───── DATASET ENTRIES ─────

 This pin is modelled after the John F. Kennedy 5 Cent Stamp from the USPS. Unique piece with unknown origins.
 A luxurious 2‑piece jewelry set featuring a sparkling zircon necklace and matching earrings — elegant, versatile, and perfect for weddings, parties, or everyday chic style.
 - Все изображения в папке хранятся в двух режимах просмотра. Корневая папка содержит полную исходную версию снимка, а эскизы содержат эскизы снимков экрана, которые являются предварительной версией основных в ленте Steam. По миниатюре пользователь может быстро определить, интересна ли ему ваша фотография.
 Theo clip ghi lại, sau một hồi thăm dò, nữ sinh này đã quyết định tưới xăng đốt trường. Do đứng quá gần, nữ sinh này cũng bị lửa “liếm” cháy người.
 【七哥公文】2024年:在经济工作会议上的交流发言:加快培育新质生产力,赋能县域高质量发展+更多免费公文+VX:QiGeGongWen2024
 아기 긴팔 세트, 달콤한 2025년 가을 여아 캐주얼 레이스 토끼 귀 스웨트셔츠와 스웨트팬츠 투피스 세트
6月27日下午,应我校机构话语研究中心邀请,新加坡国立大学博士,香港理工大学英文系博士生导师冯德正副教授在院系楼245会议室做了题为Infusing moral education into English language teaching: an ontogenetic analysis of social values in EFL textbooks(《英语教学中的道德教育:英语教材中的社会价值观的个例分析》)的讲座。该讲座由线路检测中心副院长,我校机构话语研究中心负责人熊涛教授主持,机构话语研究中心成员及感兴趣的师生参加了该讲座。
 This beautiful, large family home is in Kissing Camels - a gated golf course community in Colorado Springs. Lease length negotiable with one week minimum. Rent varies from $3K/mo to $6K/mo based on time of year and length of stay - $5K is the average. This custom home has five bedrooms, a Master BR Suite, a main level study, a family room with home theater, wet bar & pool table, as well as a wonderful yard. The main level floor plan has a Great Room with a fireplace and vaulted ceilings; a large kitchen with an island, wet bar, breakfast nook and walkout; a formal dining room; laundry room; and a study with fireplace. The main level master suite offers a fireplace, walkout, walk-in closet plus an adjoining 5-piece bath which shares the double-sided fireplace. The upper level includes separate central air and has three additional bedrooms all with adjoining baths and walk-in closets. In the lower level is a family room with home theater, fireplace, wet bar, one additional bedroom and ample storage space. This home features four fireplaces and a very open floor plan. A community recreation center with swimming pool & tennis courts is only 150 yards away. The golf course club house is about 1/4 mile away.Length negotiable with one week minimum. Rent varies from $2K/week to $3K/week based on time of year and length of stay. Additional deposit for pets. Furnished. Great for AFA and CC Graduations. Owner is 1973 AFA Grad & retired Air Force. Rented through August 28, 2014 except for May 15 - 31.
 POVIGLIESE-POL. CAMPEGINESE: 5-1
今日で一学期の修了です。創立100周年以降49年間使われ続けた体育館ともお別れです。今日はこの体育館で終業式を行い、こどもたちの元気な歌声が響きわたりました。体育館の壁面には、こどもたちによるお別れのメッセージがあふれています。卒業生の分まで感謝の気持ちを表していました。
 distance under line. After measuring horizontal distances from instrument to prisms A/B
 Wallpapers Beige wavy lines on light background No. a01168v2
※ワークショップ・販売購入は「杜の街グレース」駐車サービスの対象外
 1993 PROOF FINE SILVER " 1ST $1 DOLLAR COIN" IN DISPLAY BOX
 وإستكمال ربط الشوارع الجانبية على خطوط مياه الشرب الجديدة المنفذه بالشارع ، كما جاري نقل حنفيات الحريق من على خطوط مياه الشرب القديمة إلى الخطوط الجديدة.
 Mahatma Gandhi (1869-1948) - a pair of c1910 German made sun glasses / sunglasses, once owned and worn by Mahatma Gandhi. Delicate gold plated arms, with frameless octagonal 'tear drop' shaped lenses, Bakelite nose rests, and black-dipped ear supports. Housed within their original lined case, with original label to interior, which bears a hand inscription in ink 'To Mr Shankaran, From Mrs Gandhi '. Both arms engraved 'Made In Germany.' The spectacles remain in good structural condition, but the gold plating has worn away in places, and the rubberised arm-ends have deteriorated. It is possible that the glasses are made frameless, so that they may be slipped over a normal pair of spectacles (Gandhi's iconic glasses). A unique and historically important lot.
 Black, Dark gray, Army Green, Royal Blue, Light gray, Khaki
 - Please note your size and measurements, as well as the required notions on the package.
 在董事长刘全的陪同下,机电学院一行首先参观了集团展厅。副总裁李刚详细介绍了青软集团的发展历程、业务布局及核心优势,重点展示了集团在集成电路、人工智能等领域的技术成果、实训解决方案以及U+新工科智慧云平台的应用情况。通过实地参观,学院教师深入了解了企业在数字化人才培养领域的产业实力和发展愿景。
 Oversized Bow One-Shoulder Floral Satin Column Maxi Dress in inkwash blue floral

─────

• DIRECTIONS
Each line from the one with "Black, Dark gray, Army" to the end of the material should be duplicated exactly, and no other line.

• REPLY TO THE EXERCISE
 Black, Dark gray, Army Green, Royal Blue, Light gray, Khaki
 - Please note your size and measurements, as well as the required notions on the package.
 在董事长刘全的陪同下,机电学院一行首先参观了集团展厅。副总裁李刚详细介绍了青软集团的发展历程、业务布局及核心优势,重点展示了集团在集成电路、人工智能等领域的技术成果、实训解决方案以及U+新工科智慧云平台的应用情况。通过实地参观,学院教师深入了解了企业在数字化人才培养领域的产业实力和发展愿景。
 Oversized Bow One-Shoulder Floral Satin Column Maxi Dress in inkwash blue floral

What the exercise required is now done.